A simple header-only C++20 library for building type-safe, functor-based data processing pipelines over ranges.

FuncFlow lets you compose multi-stage workflows from small, reusable functors — modifiers that transform data, collectors that extract results, and flag visitors that accumulate state — all wired together with a fluent builder API and optional parallel execution using OpenMP.

Features

  • Fluent Builder API — compose pipeline stages with a readable, chainable syntax
  • Type-Safe at Compile Time — C++20 concepts validate functor signatures, view getters, and range types before any code runs
  • Lazy View Extraction — iterate over logical "views" of a context without copying data; views are computed on-demand via custom getters
  • Multiple Processing Patterns — modifiers (mutate elements), collectors (extract and merge results), flag visitors (accumulate bitwise flags), and sequences (ordered task chains)
  • Sequential & Parallel Execution — switch between execution modes with a single parameter; parallel mode uses OpenMP when available, falls back to sequential otherwise
  • Exception-Safe Execution — every operation at every level (stage, element, functor, merge callback) is wrapped in try-catch; exceptions are captured in a hierarchical StepResult tree so the pipeline never terminates unexpectedly — remaining elements and stages continue, and all errors are available for deferred inspection
  • Per-Stage Timing — automatic nanosecond-precision timing statistics for every stage

Requirements

  • C++20 compiler (GCC 11+, Clang 14+, MSVC 2022+)
  • OpenMP 3+ (optional, for parallel execution) which is usually already included for GCC.

Installation

FuncFlow is header-only. Copy the include/funcflow/ directory into your project, or add it via CMake:

add_subdirectory(path/to/funcflow)
target_link_libraries(your_target PRIVATE funcflow)

Quick Start

1. Define Your Context and Views

A context holds the data your pipeline processes. A view is a logical element extracted from the context via a getter.

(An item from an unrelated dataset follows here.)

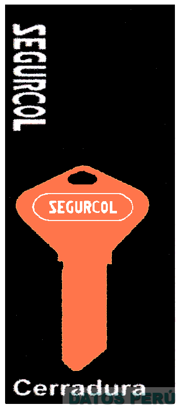 La denominación SEGURCOL escrita en letras características, la cual se aprecia en la parte superior izquierda y en la parte central, dentro de la representación estilizada de una llave encerrada en una circunferencia, en la parte inferior la palabra CERRADURA escrita en letras características, todo en los colores anaranjado, blanco y negro; conforme al modelo adjunto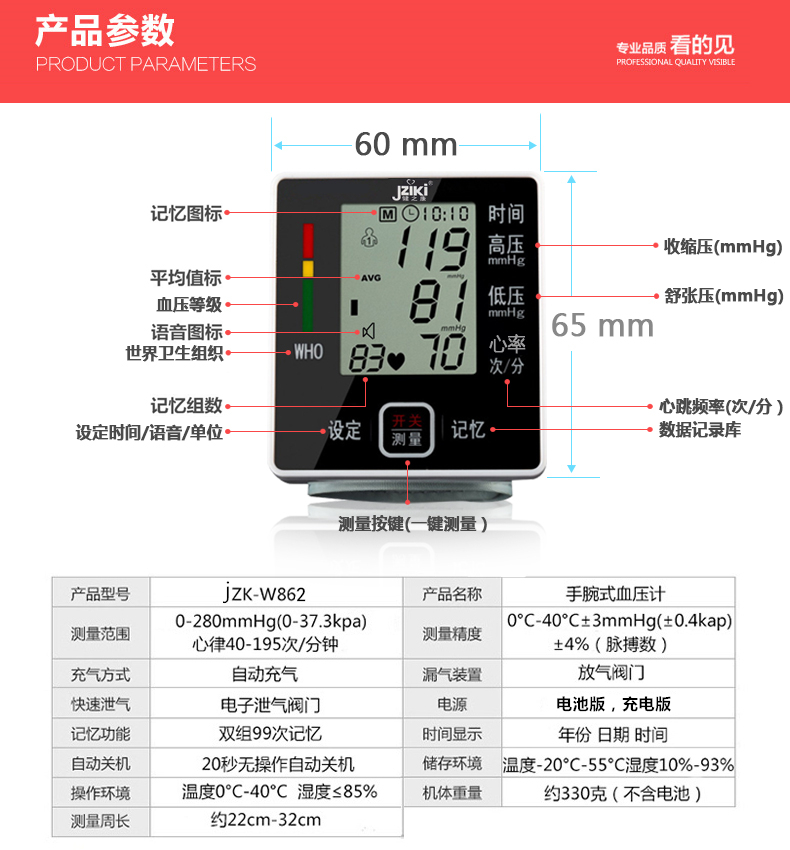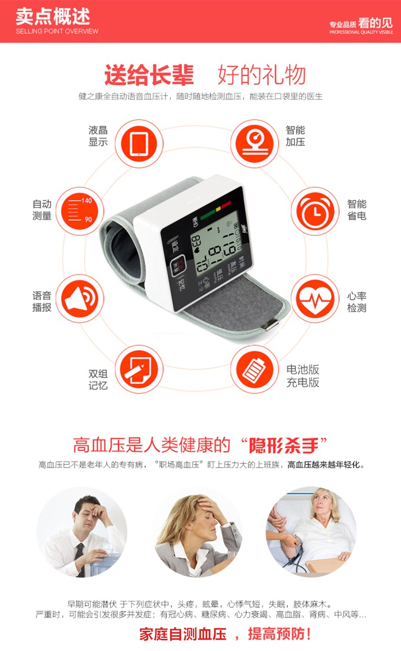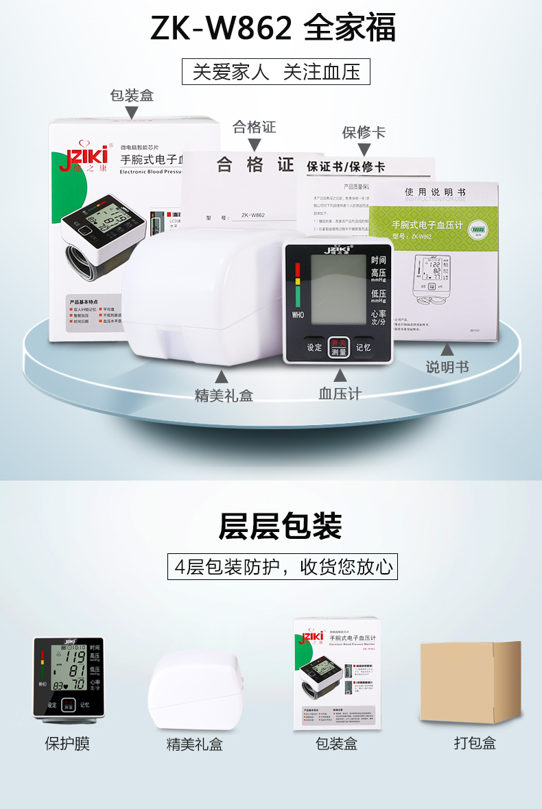 健之康 语音全自动电子血压计(腕式)ZK-W862

#include "funcflow/pipeline.hpp"
#include "funcflow/stage_builder.hpp"

using namespace funcflow::workflow;
using namespace funcflow::context_view;

struct Item {
    int value = 0;
    std::string name;
    bool processed = false;
};

struct MyContext {
    std::vector<Item> items;
    size_t size() const { return items.size(); }
};

// View getter — tells FuncFlow how to extract a view from the context
struct ItemGetter {
    Item& operator()(size_t idx, MyContext& ctx) const {
        return ctx.items[idx];
    }
    const Item& operator()(size_t idx, const MyContext& ctx) const {
        return ctx.items[idx];
    }
};

// Define range types
using ItemRange = context_view_range<MyContext, Item, ItemGetter>;

2. Write Functors

Functors are small, stateless structs with operator(). Their signature determines their role:

// Modifier — mutates each element (void return)
struct DoubleValue {
    void operator()(Item& item) const {
        item.value *= 2;
    }
};

struct MarkProcessed {
    void operator()(Item& item) const {
        item.processed = true;
    }
};

3. Build and Run a Pipeline

Pipeline<MyContext> pipeline;

// Stage 1: apply modifiers to each item sequentially
auto stage1 = pipeline.stage("double_and_mark")
    .iterate<ItemRange>()
    .with_modifiers<DoubleValue, MarkProcessed>();

pipeline.add_stage(std::move(stage1));

// Run
MyContext ctx;
ctx.items = {{1, "a"}, {2, "b"}, {3, "c"}};
pipeline.run(ctx);

// ctx.items[0].value == 2, ctx.items[0].processed == true
// ctx.items[1].value == 4, ctx.items[1].processed == true

Pipeline Patterns

Modifiers

Mutate each element in a range. Modifiers are applied in template-parameter order.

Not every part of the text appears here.